Subject: Price to sales indicating sale!
I like to enquire how valuations change over time using the price/sales ratio, rather than price/earnings, because of the reduced volatility.
Google has higher margins than average today, with net margins now 28% versus 22% average since since 2010.
With great margins (for now), looking at the forward PE ratio of 16x makes Google look really cheap. This is a company that grew sales at 21% per year over the last 14 years, and grew earnings obviously faster than that given the rising margins. Their monopoly is well intact, and I have views about the recent AI innovations that point to a net positive for Google rather than a net negative, but that would take another long post. Google is doing everything right to incorporate AI automatically in the domain where advertising would be irrelevant. People will retain the desire for keyword such (typing and little as possible, and I'm not even talking about a whole sentence, and wanting a quick relevant answer).
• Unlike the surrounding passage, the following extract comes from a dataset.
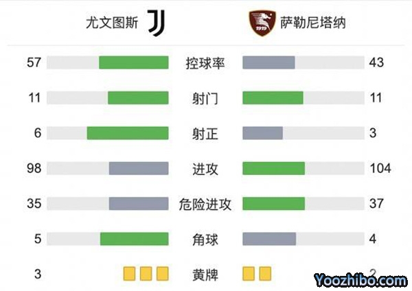 全场比赛结束,尤文图斯2-0萨勒尼塔纳!

But margins will revert downwards at some point. So I want to stay focused on sales.
Even looking at the P/S ratio, rather than the P/E during times of high margins, Google is still cheap today! The P/S ratio is now 5.4x and Google has only traded lower than this 12% of the time since 2010:
https://www.macrotrends.net/st...
Times of pessimism are the best times to invest. IV will be impacted by current events, but what Google is going to earn in 2035 didn't suddenly fall by 30% over the last 2 months. The world will be different in ten years.
Advertising is still pretty primitive and has a long way to go. I can already picture how much better advertising responses can become, compared to how primitive and ineffective they are (and still generating obscene cash for Google). Google has a huge runway ahead.